SEDENTARISATION

APour les Roms de l'Épi de Soil, un début de sédentarisation qui vole en éclats

vendredi 06.02.2009, 04:50 - La Voix du Nord

 Dilbert Selimovic entouré de ses enfants, dans sa pièce à vivre, faite main. PHOTO FRÉDÉRIC DOUCHET
Dilbert Selimovic entouré de ses enfants, dans sa pièce à vivre, faite main.

À la lisière de Lille-Sud et de Loos, un bidonville s'est formé sur un terrain de l'Épi de Soil. Depuis quelques mois, les Roms qui y vivent ont construit des baraquements avec des matériaux de récupération pour mieux supporter le froid hivernal. Mais un vent d'expulsion menace.

Épi de Soil. D'un côté de la route, un champ fraîchement labouré. De l'autre, un terrain vague où s'amoncellent des ordures. Entre les terrils de détritus, des caravanes dans un état douteux. Et depuis quelques mois, des baraques de fortune construites en matériaux de récupération.

La famille Selimovic - Dilbert, 53 ans, son épouse et ses six enfants - vit dans l'une d'elles. Avec beaucoup d'huile de coude, d'imagination et de patience, ils se sont bâtis une pièce à vivre en annexe de leur caravane. Revêtement de sol bleu pâle, meubles de cuisine, canapé, table de jardin et quelques chaises. Des planches de bois assemblées à la main et quelques fenêtres forment leur habitat. Le tout glané ça et là, la veille du passage des encombrants. Dans un français approximatif mais compréhensible, Dilbert explique : « J'ai acheté 5 kg de clous et un marteau et j'ai tout construit. » Attablé au milieu de sa pièce à vivre, le patriarche est fier d'avoir pu donner un toit un peu plus spacieux aux siens.

Près du canapé, un poêle à bois. Fait maison lui aussi. « J'ai pris un baril, j'ai coupé et j'ai soudé des plaques de fer. J'ai juste acheté le tuyau pour l'évacuation. » Un peu dangereux, surtout pour les enfants, « mais y'a jamais eu de blessés ». Tatiana alimente régulièrement le foyer et rempli la gamelle d'eau qui chauffe dessus en permanence.

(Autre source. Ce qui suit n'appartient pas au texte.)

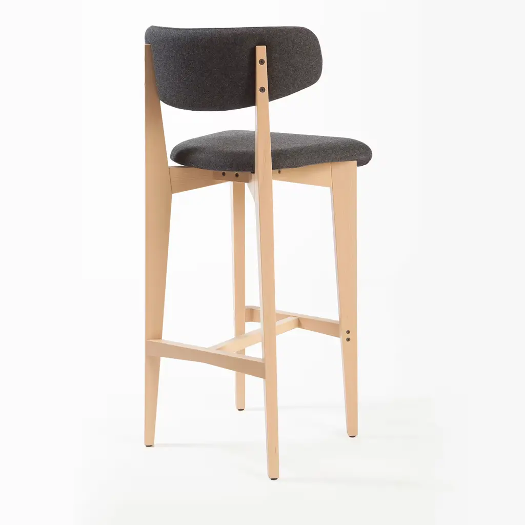 Blending Italian craftsmanship and traditional design, this stool revisits the classic rustic chair with modern fabric for a chic aesthetic that will suit both commercial and residential interiors. The streamlined frame of natural-finished beechwood is embellished by a sophisticated gray fabric upholstery covering the seat and the internal curve of the backrest. Also available in the version with round seat and all-wood.
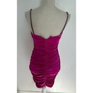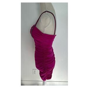 Tags: Barbiecore, Hot Pink, Fuschia, Mini Dress, Ruched, Rhinestone, Cocktail, Party Dress
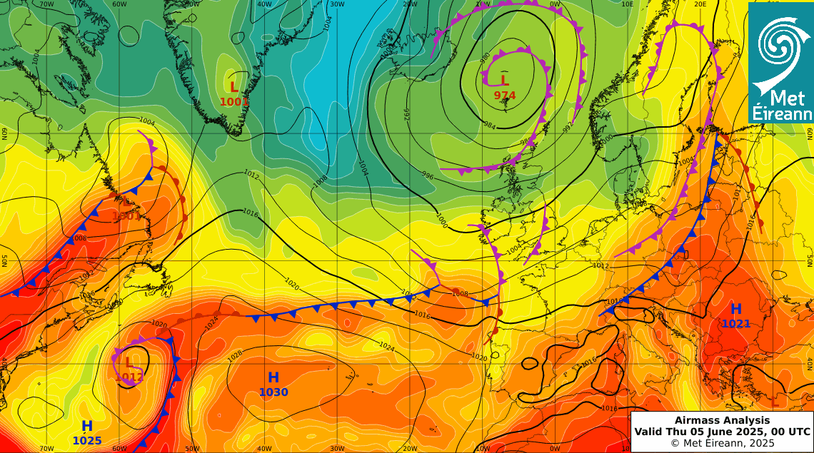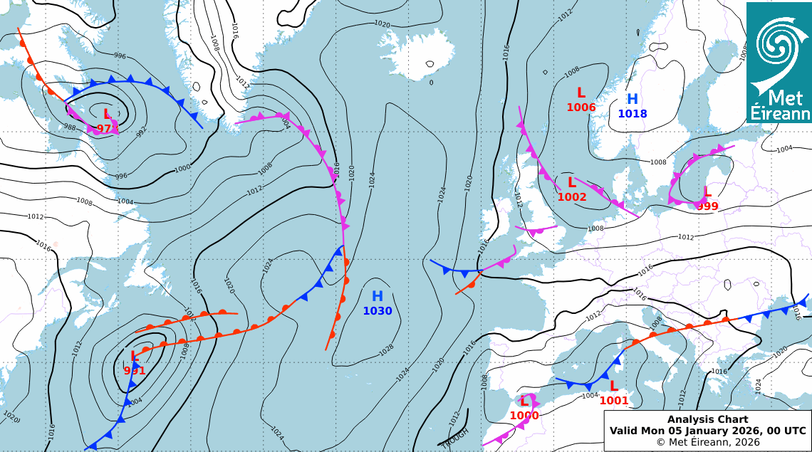 Léiríonn na cairteanna anailíse seo an pátrún brú dromchla thar an Atlantach Thuaidh agus san Eoraip ag 00UTC inniu. Léiríonn siad iseabair (línte faoi bhrú comhionann) agus léiríonn siad réimsí ardbhrú (H) agus brú íseal (L) mar aon lena luach brú lárnach. Léirítear iseabair le línte dlútha dubha gach 4 hPa agus na hiseabair níos tiubha gach 16 hPa. Is gnách go mbíonn baint ag brú ard le haimsir shocraithe tirim den chuid is mó le gaotha éadroma agus bíonn brú íseal bainteach go hiondúil le haimsir athraitheach a bhíonn fliuch agus gaofar go minic. Dá ísle an brú i gcoitinne is ea is láidre na gaotha agus is troime an bháisteach (hairicín an sample is foircní). Is iad frontaí an teorainn idir aermhaiseanna éagsúla; tá fronta fuar gorm, tá fronta te dearg agus tá oclúid corcra. Aeráid na hÉireann
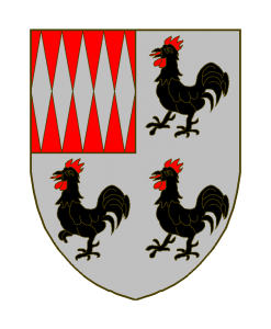 D’or à trois coqs de sable, crêtés, lampassés et barbés de gueules, au franc-quartier de gueules à cinq fusées d’argent.
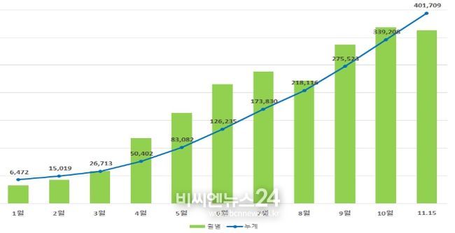 (비씨엔뉴스24) 농림축산식품부에서 개설하여 한국농수산식품유통공사가 운영 중인 '농수산물 온라인도매시장'의 올해 거래금액이 지난 11월 15일 4,000억원을 돌파했다.
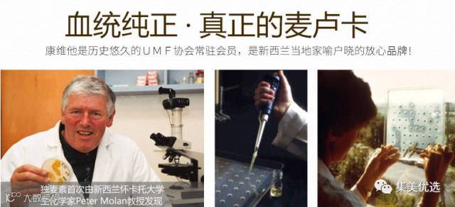 经新西兰怀卡托大学Peter Molan教授多年研究发现,麦卢卡蜂蜜含有抗菌活性物(只有麦卢卡蜂蜜含有),且无法在其它种类的蜂蜜中找到。其抗菌能力非常强大且活性稳定,不像一般蜂蜜的抗菌成分进入人体后易被热量及酶分解。
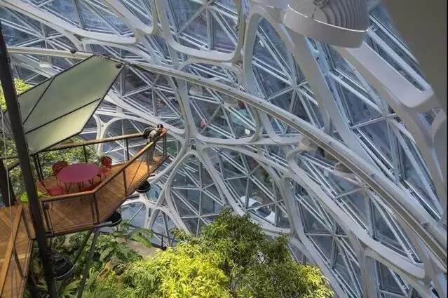 讓他們可以在溪邊的石子小徑上放空自我,在來自南美的大樹下閉目休憩。當(dāng)然以高標(biāo)準(zhǔn)的企業(yè)文化著稱的亞馬遜,也希望 The Spheres 如此優(yōu)美舒適的生態(tài)環(huán)境能夠讓員工更好地沉思和迸發(fā)出靈感的火花。
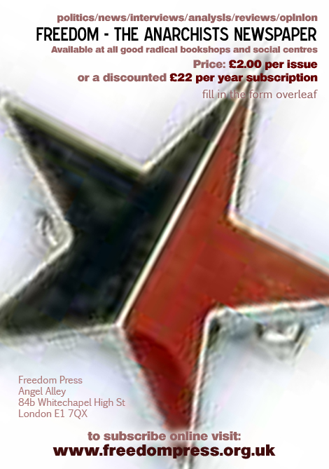 As well asking people to contribute creatively to the paper we also need to be able to promote, sell and distribute Freedom. This could be done in a variety of ways from the very simple things - linking to, and forwarding on, articles from the website, or suggesting places that would stock the paper, to actively selling the paper in your area, on demonstrations, at events or in your workplace.
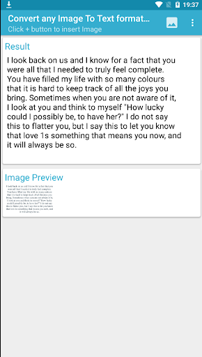 Convert any Image To Text format : OCR allows you to digitize any printed document such as: articles, letters, receipts, contracts etc. Convert any textual image to digital text so you can edit it, search it and store it properly on your mobile device.
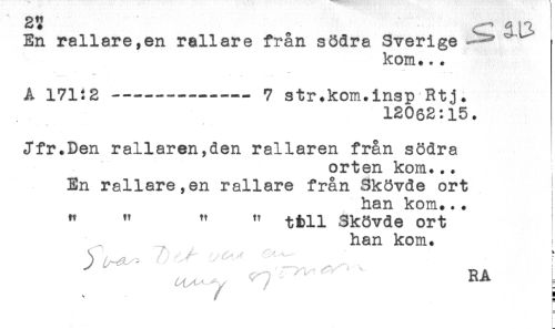 //// 2+ „ ^ ' -[3 //// En rallare,en rallare från södra Sverige -^ //// kom. *. //// - . . ^ ^ * //// A 171:2 ---- 7 str.kom.insp Rtj. //// 12062:15. //// Jfr.Den rallaren,den rallaren från södra //// orten kom... //// En rallare,en rallare från Skövde ort i //// han kom... //// " " " " t&Ll Skövde ort //// han kom. //// ^^ } //// ^ y RA ^ //// 5 ////
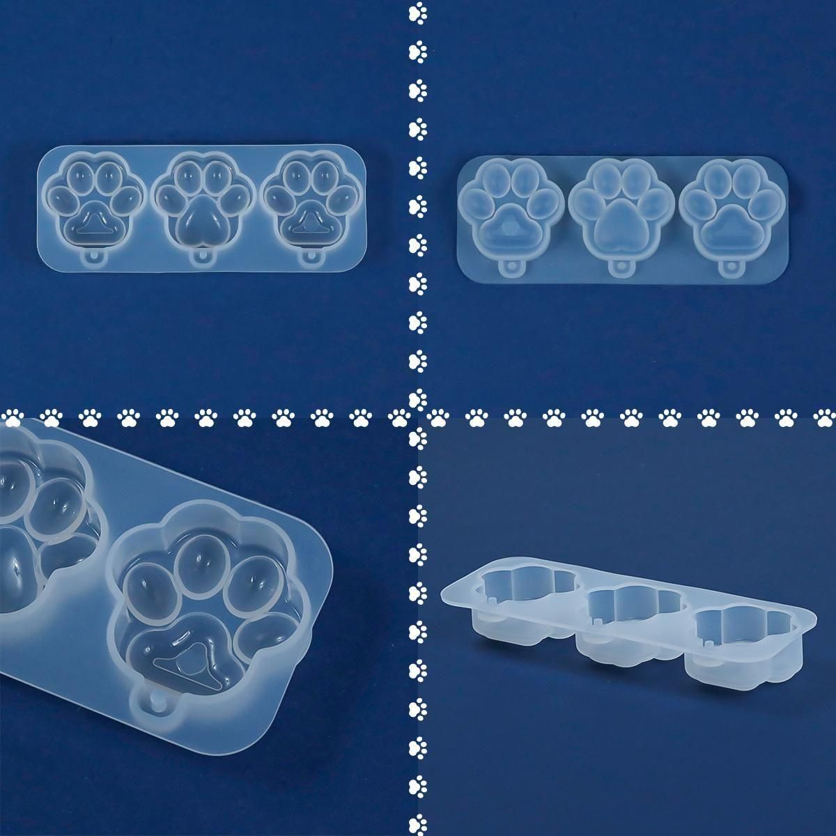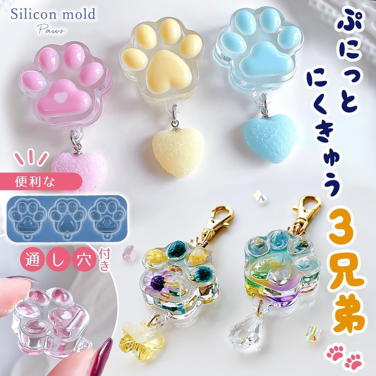 4. ◎【シリコン型・モールド】にくきゅう3兄弟 シリコンモールド レジン型 セット 肉球 大きめ 犬 猫 動物 キーホルダー チャーム 通し穴付き カン付き UVレジン LED 手芸 クラフト
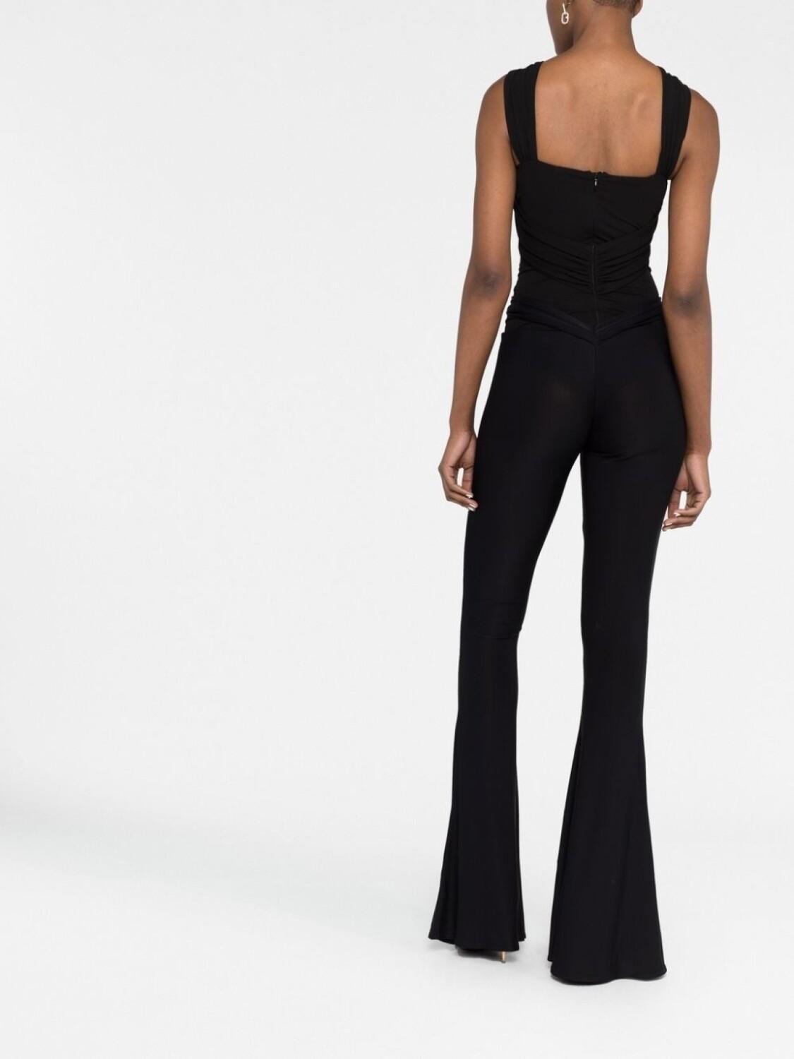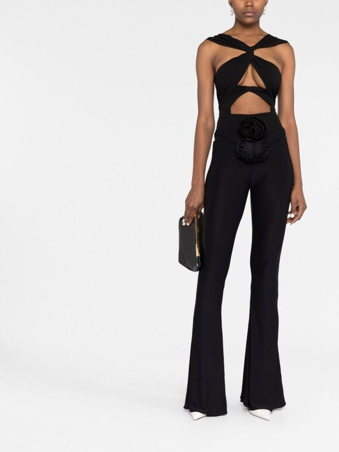 Черный, вырезные детали, перекрученная деталь, декоративная брошь, без рукавов и потайная застежка на молнии сзади.
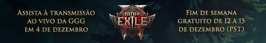 A transmissão ao vivo da GGG começará às 11h do dia 4 de dezembro (PST), ou dez. 04, 2025 2:00 PM (GMT-5) no seu fuso horário, em twitch.tv/pathofexile! Durante a GGG Live, abordaremos todos os detalhes da próxima atualização de conteúdo para o Path of Exile 2. Após a transmissão ao vivo, Jonathan e Mark responderão às suas perguntas em uma sessão de perguntas e respostas com ZiggyD, seguida pela apresentação das notas da atualização. Como sempre, os Twitch Drops estarão disponíveis para transmissões ao vivo, e a recompensa será anunciada em breve. Cotransmissões são bem-vindas!
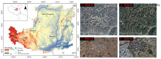 MOD13A1, MOD11A2 and MOD09A1 products in the article are available at https://earthengine.google.com/, accessed on 13 February 2022. DEM data in the article are available at https://earthexplorer.usgs.gov/. Socio-economic statistics data are derived from http://www.shanxi.gov.cn/sj/tjnj/, https://www.nx.gov.cn/zwgk/zfxxgk/fdzdgknr/tjxx_40901/tjnj/, http://tjj.shaanxi.gov.cn/, http://tjj.qinghai.gov.cn/tjData/qhtjnj/, https://tjj.henan.gov.cn/tjfw/tjcbw/tjnj/, http://gsdfszw.org.cn/gsnj/gsnj/ and http://tj.nmg.gov.cn/tjyw/jpsj/index_1.html, accessed on 13 February 2022. Population density data in the article are from https://sedac.ciesin.columbia.edu, accessed in 2000, 2010 and 2020. Land use data provided in the article are available at http://www.globallandcover.com, accessed on 13 February 2022.

Ce matin, ou peut-être demain, tout ça va voler en éclats. « La police est passée y'a une semaine. Ils ont dit qu'on allait devoir partir. Sûrement le 6 février. » Les Selimovic n'auront que le temps de prendre le minimum et regarder les bulldozers détruire tout en quelques minutes. « On a demandé un délai jusqu'à mars. Jusqu'au retour des beaux jours. » En vain.

La société Soreli a racheté le terrain voici deux mois et a fait tout de suite la demande d'expulsion. La directrice, Fabienne Duwez, explique : « Avant, le terrain était occupé par une casse automobile sauvage. Je ne peux pas prendre la responsabilité de laisser des gens vivre sur un terrain pollué. » Elle assure travailler en coordination avec les services de la communauté urbaine pour qu'ils leur trouvent un terrain d'accueil. Mais mercredi, Dilbert ne savait toujours pas où il allait bien pouvoir aller.

Vers 15 h, ce jour-là, deux voitures de police banalisées déboulent dans le camp. Les visages blêmissent. Les enfants se précipitent à la fenêtre. Le patriarche sort. Fausse alerte. « Ils cherchent quelqu'un. » Mais tout le monde confesse : « On a peur que la police débarque pour nous dire de partir. » Dilbert rêve de sédentarisation. « Si on me dit aujourd'hui que je peux m'installer sur un terrain et y rester, je pars tout de suite. » Depuis six ans qu'il est en France, il fait les démarches auprès de la préfecture pour obtenir un titre de séjour avec autorisation de travail. « Pour pouvoir chercher un emploi, avoir un logement et mettre les enfants à l'école. » Toujours pas de réponse positive.